[Tutor] text module
Scot W. Stevenson
scot@possum.in-berlin.de
Sat, 31 Aug 2002 01:41:30 +0200
Hello Kyle,
> started to write a module (called it the text module, any better
> ideas?)
I would agree with J"o that "wc.py" might be a better name, even though you
might end up explaining to non-Unix-people that it doesn't involve toilet
paper =8).
> body = subj.readlines()
This is okay if you know that the file is going to be small and you machine
is big, but for large files on small machines, it could be a problem:
readlines loads the whole file into memory in one big gulp. xreadlines was
created in Python 2.1 (I think) to avoid this problem, but if you have
Python 2.2 or later, the really cool thing to do is to use iterators and
simply create a loop such as:
for line in subj:
(etc)
which reads one line at a time as a string.

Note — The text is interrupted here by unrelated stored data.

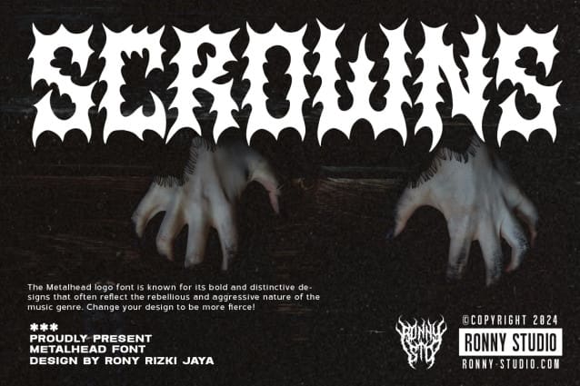 Scrowns Metalhead Font: Known for its bold and distinctive design, capturing the rebellious and aggressive spirit that is characteristic of the metal music genre. This font is crafted to add a fierce and powerful look to any design, making it ideal for band logos, album covers, posters, and other music-related graphics.
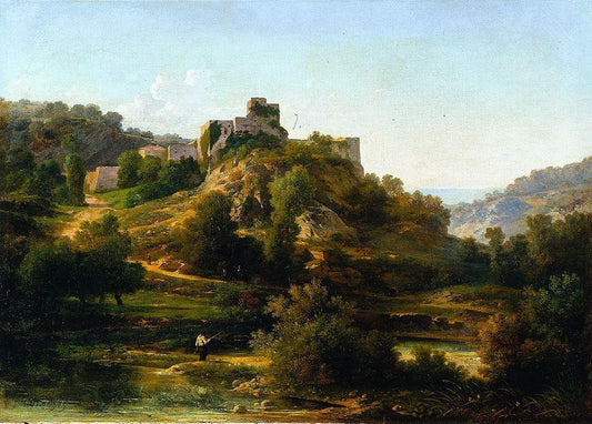 Chateauvieux-sur-Suran White Modern Wood Framed Art Print with Double Matting by Ponthus-Cinier, Antoine-Claude
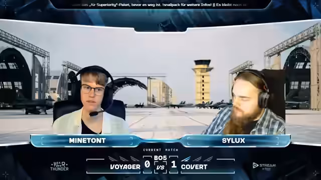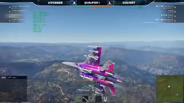 02:22:26Zu Beginn des Matches zwischen Voyager und Covert fehlt ein Spieler im Team Voyager, Moloko, aufgrund von Verbindungsproblemen. Es wird gehofft, dass sich das Problem behebt. Verbindungsprobleme, Stromausfälle und Hardwareprobleme werden als Gründe für fehlende Spieler genannt. Da beide Teams bereits qualifiziert sind, müssen sie nichts mehr befürchten. Moloko kehrt mit seiner 721-Hat-Reconnected zurück, startet aber am Airfield. Don Richard weicht den Raketen von AURUS aus. Es wird beobachtet, dass zu Beginn des Matches ein Flugzeug nach oben geht, um den Luftraum freizuräumen. Die Gripen nimmt den C-Punkt ein und sichert damit den Ticket-Lead für Team Covert. Eine Rakete von Derserk trifft die J10 von Reuel nicht, da sie in die Flares und Chaps geht. Bersack und Weissman liefern sich ein Duell, wobei Bersack ausweichen muss. Moloko versucht als einziger Überlebender noch etwas auszurichten.
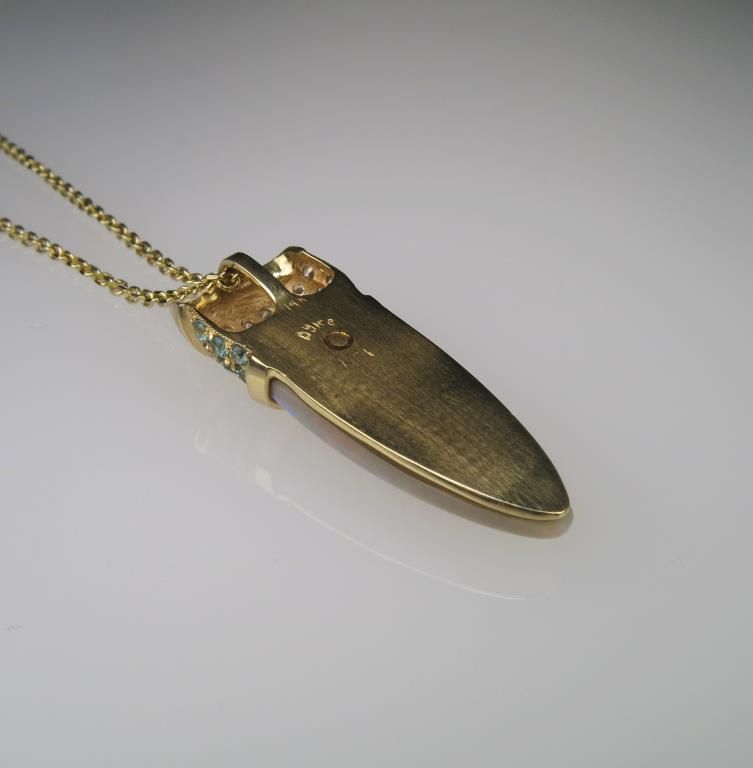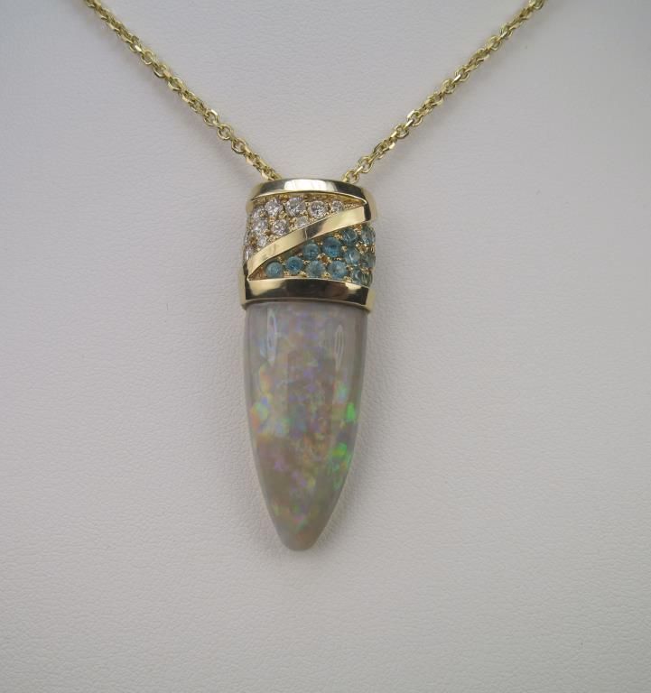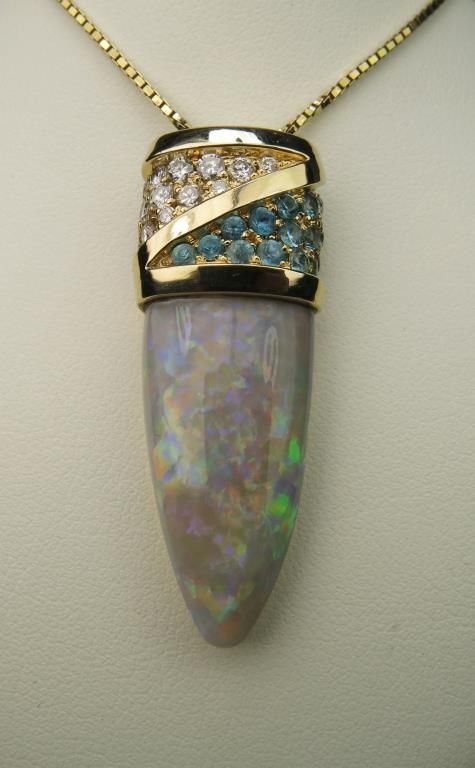 Artistic Opal, Diamond and Blue Zircon Pendant with 10.00 carat Opal with vibrant red, orange, green and blue flash fire patterns accented with 14 round cut Diamonds weighing 0.50 carats F-G colors with VS1 clarity and 15 round cut BlueZircon weighing 0.75 carats with VS clarity. Pendant is made in 14 karat yellow gold with 14 karat yellow gold 24” chain. Please See Full Appraisal. Retail $5,600-$6,000 Estimate $2,000-$3,000

You can get the number of
characters in that line (with spaces) as
len(line)
and the number of spaces as
line.count(" ")
which, put together, should be a simpler way of calculating the number of
characters.
wordlist = line.split(" ")
gives you the a list of words split by spaces, and the length of that list
is therefore the number of words in the line.
So to figure out everything in one loop at once, you could try (in Python
2.2 only):
========================================
def CountAll(location):
nbr_lines = nbr_words = nbr_allchars = nbr_blackchars = 0
subj = file(location, 'r')
for line in subj:
nbr_lines = nbr_lines + 1
nbr_words = nbr_words + len(line.split(" "))
temp = len(line)
nbr_allchars = nbr_allchars + temp
nbr_blackchars = nbr_blackchars + temp - line.count(" ")
subj.close()
print nbr_lines, nbr_words, nbr_allchars, nbr_blackchars
=========================================
which, of course, is not quite what you wanted to do...but you should be
able to adapt it to your setup quite easily. Again, this will only work
for Python 2.2, so if you have a different version, you are going to have
to use xreadlines and such.
Hope this helped,
Y, Scot
--
Scot W. Stevenson wrote me on Saturday, 31. Aug 2002 in Zepernick, Germany
on his happy little Linux system that has been up for 1774 hours
and has a CPU that is falling asleep at a system load of 0.30.